Saved entries:
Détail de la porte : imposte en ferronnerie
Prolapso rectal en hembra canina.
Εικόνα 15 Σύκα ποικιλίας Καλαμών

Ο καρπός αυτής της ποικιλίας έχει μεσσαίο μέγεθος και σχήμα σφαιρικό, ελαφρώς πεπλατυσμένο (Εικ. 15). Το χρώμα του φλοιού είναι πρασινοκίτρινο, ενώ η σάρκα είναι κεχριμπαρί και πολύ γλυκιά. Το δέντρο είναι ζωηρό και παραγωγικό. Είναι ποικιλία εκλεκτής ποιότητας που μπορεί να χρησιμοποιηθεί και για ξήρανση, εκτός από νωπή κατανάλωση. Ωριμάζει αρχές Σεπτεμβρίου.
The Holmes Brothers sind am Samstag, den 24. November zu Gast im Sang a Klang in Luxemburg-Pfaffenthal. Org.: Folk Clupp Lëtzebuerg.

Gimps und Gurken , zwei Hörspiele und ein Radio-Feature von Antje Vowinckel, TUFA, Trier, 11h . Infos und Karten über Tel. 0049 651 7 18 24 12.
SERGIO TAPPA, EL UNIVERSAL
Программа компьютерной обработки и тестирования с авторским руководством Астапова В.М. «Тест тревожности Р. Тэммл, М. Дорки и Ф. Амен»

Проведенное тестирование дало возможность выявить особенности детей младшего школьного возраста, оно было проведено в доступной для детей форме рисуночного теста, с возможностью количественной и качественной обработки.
* * *
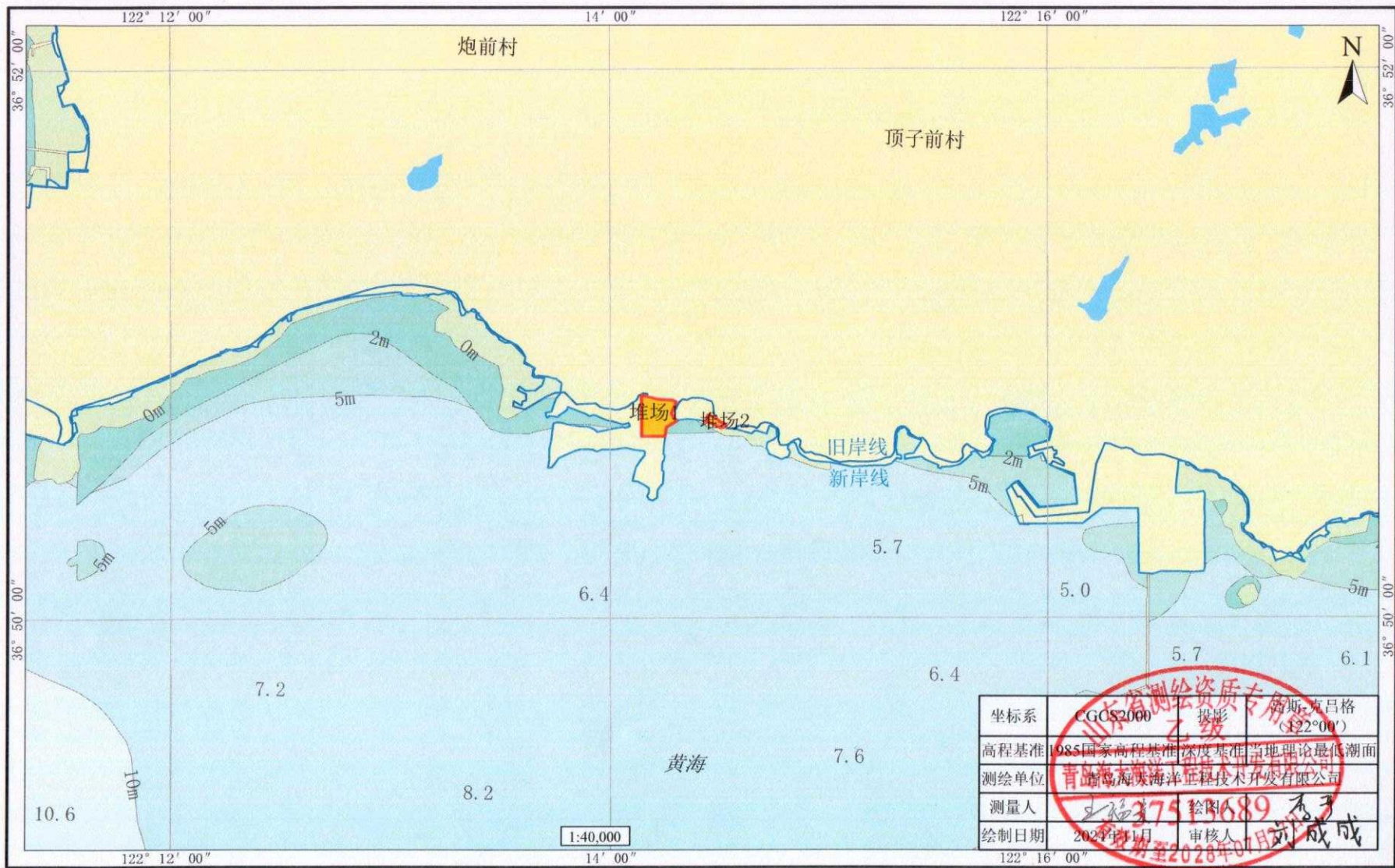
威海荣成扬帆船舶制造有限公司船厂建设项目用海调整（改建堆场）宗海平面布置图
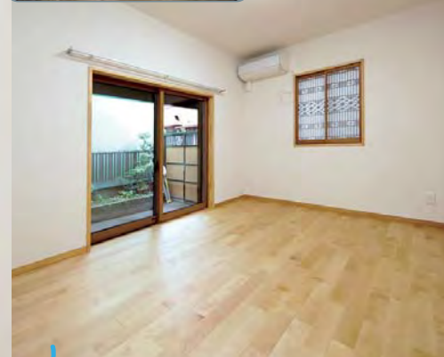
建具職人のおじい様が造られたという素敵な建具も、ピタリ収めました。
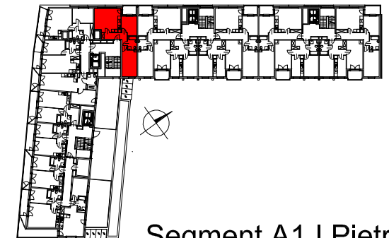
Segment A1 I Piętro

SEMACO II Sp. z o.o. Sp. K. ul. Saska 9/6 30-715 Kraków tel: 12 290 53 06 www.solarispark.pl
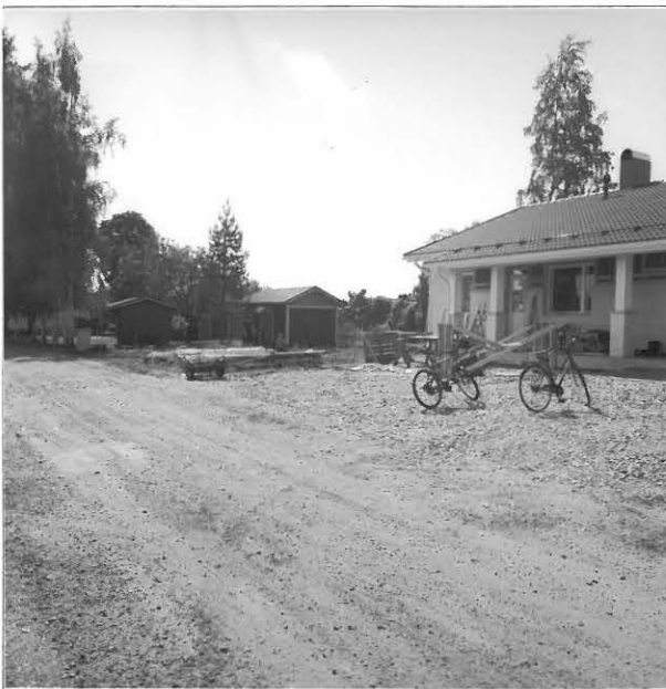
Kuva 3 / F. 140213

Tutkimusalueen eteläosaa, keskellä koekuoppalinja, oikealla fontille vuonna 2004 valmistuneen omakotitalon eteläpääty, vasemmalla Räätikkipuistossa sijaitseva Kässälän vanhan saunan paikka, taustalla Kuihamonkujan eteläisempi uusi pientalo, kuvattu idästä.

Exercise aim:
Retype the entries above exactly, but only from the line containing "Kuva 3 / F. 140213" through the line containing "Tutkimusalueen eteläosaa, keskellä", both included.

Exercise output:
Kuva 3 / F. 140213

Tutkimusalueen eteläosaa, keskellä koekuoppalinja, oikealla fontille vuonna 2004 valmistuneen omakotitalon eteläpääty, vasemmalla Räätikkipuistossa sijaitseva Kässälän vanhan saunan paikka, taustalla Kuihamonkujan eteläisempi uusi pientalo, kuvattu idästä.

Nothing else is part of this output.